■ **RECORDED INFORMATION**
========================

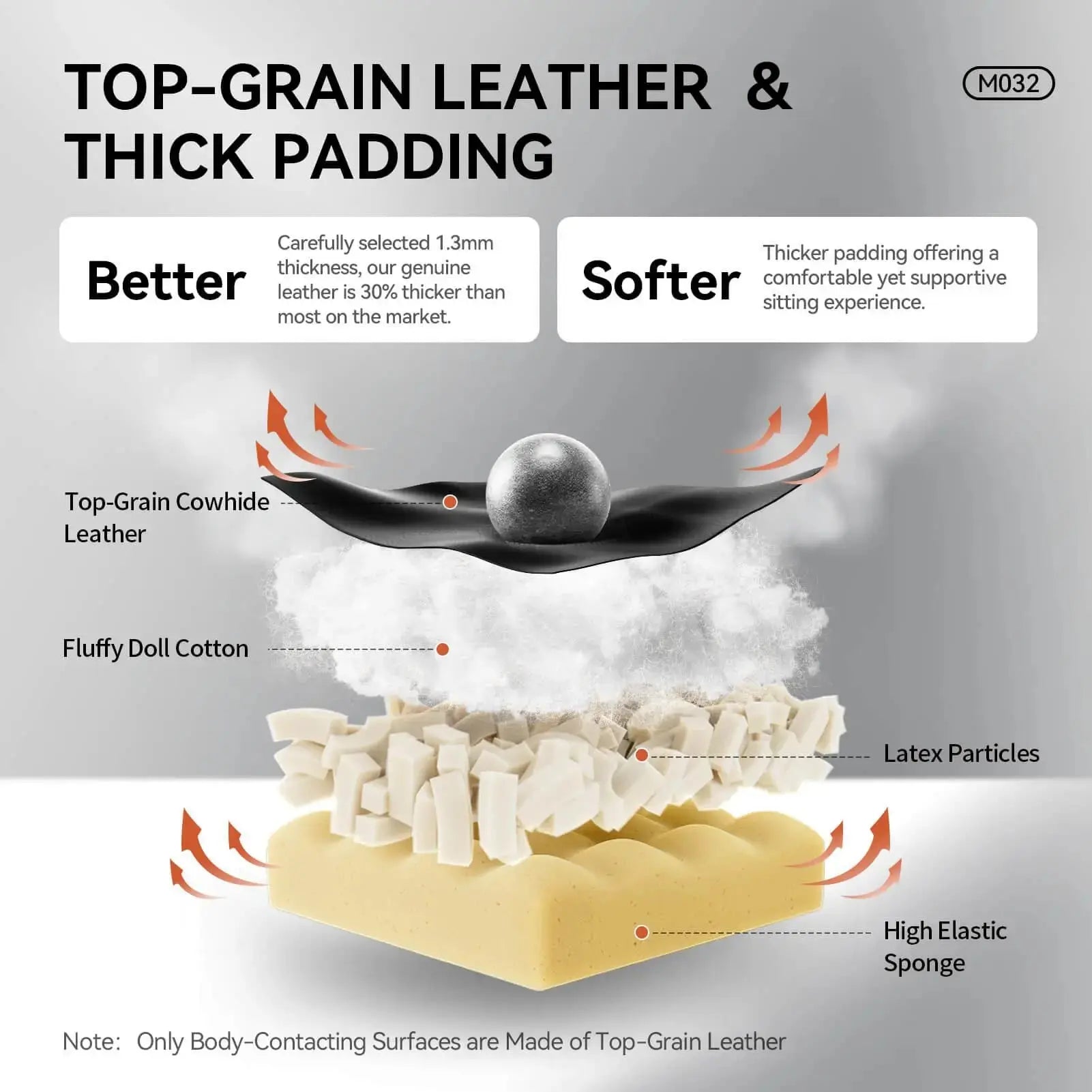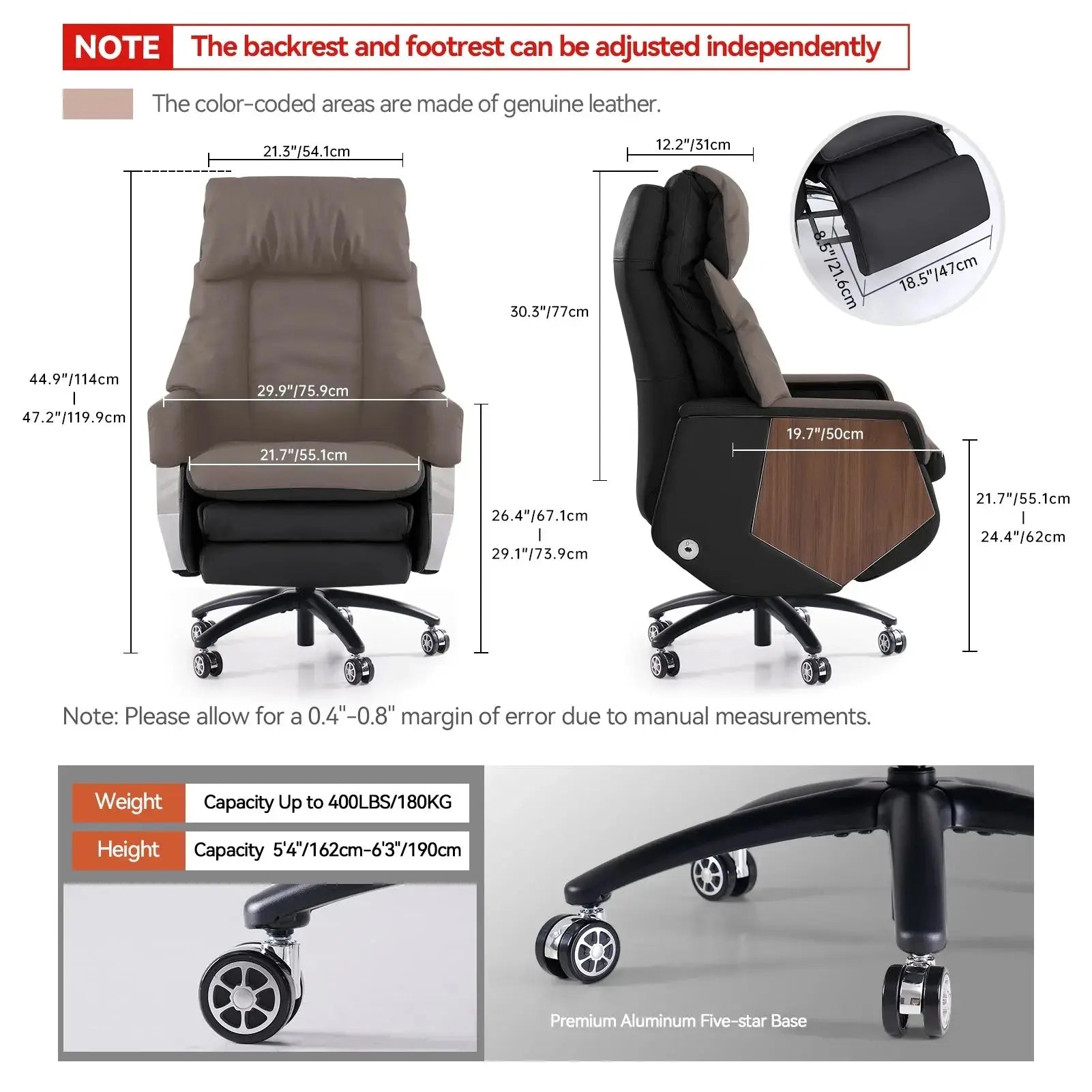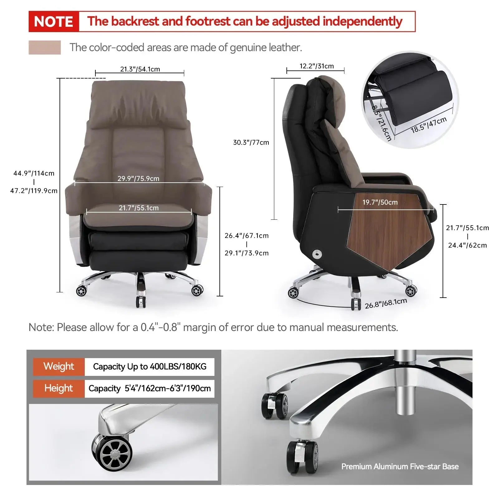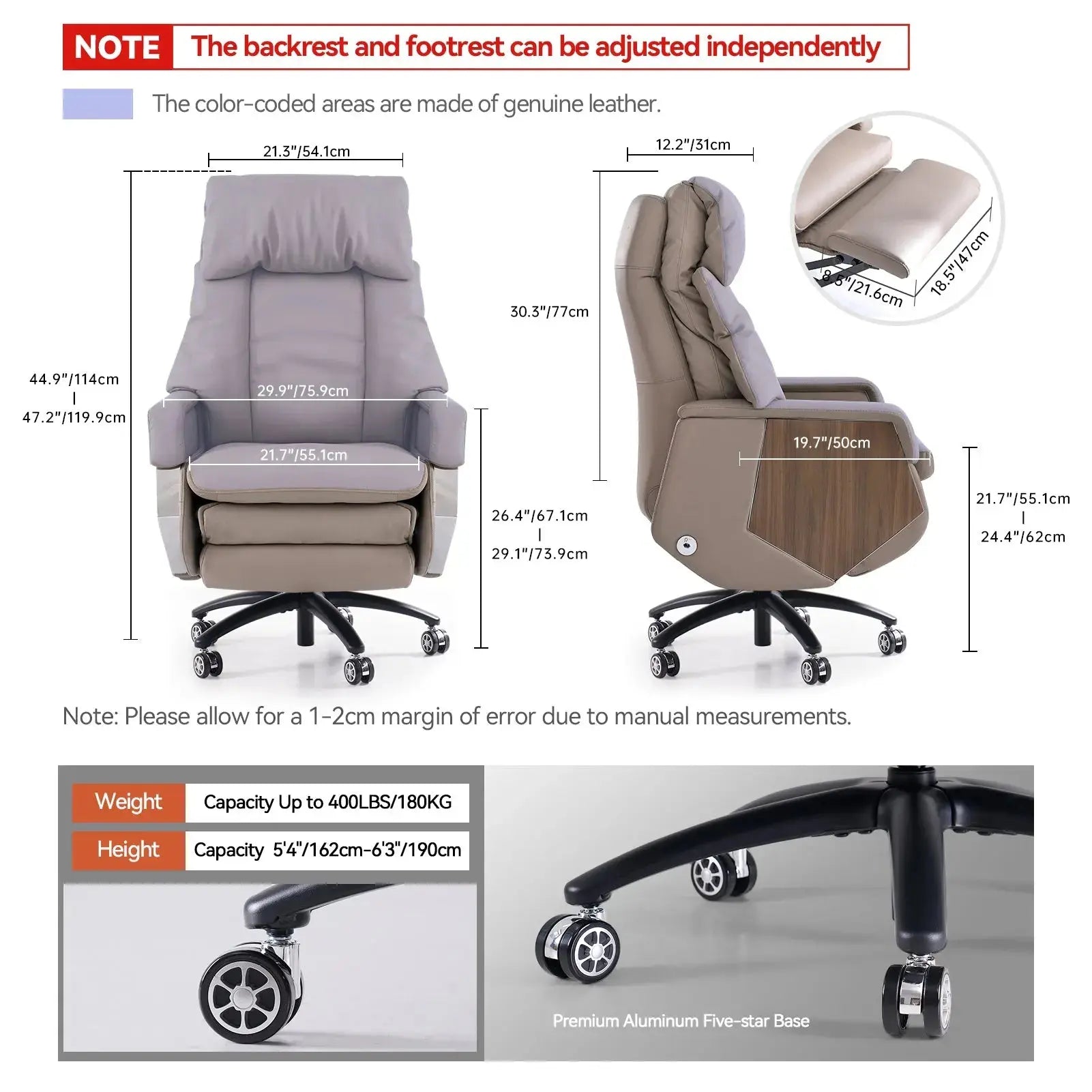Crafted from genuine leather, this chair provides exceptionalbreathability and comfort, even in warm weather.
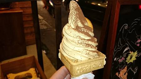 提拉米蘇霜淇淋,上面灑著可可粉,造型度有加分,而且嚐起來有一點點酒味,只有酒味不含酒精,提味而已,但吃到後來,整個焦點都著重在這個酒上面,反而忽略掉了提拉米蘇霜淇淋究竟是什麼味道。
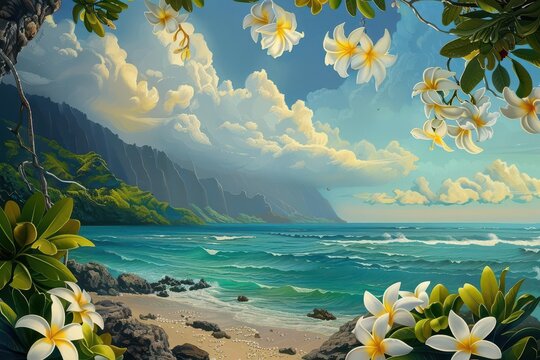 Hawaiian lei celebration featuring tropical flowers and leaves design for festive occasions. Horizontal banner. Copy space. Flat illustration. International day of the tropics
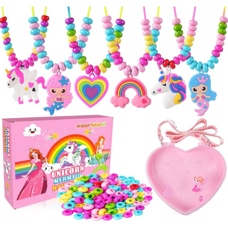 DIZRNOI Jewelry Making Kit for Girls Unicorn Mermaid Charm Necklace Making Supplies Beads Set Birthday DIY Arts and Crafts for Girls

========================

■ **PROBLEM**
Give back the entire listing verbatim, without the pictures.

■ **ANSWER TO THIS TASK**
Crafted from genuine leather, this chair provides exceptionalbreathability and comfort, even in warm weather.
 提拉米蘇霜淇淋,上面灑著可可粉,造型度有加分,而且嚐起來有一點點酒味,只有酒味不含酒精,提味而已,但吃到後來,整個焦點都著重在這個酒上面,反而忽略掉了提拉米蘇霜淇淋究竟是什麼味道。
 Hawaiian lei celebration featuring tropical flowers and leaves design for festive occasions. Horizontal banner. Copy space. Flat illustration. International day of the tropics
 DIZRNOI Jewelry Making Kit for Girls Unicorn Mermaid Charm Necklace Making Supplies Beads Set Birthday DIY Arts and Crafts for Girls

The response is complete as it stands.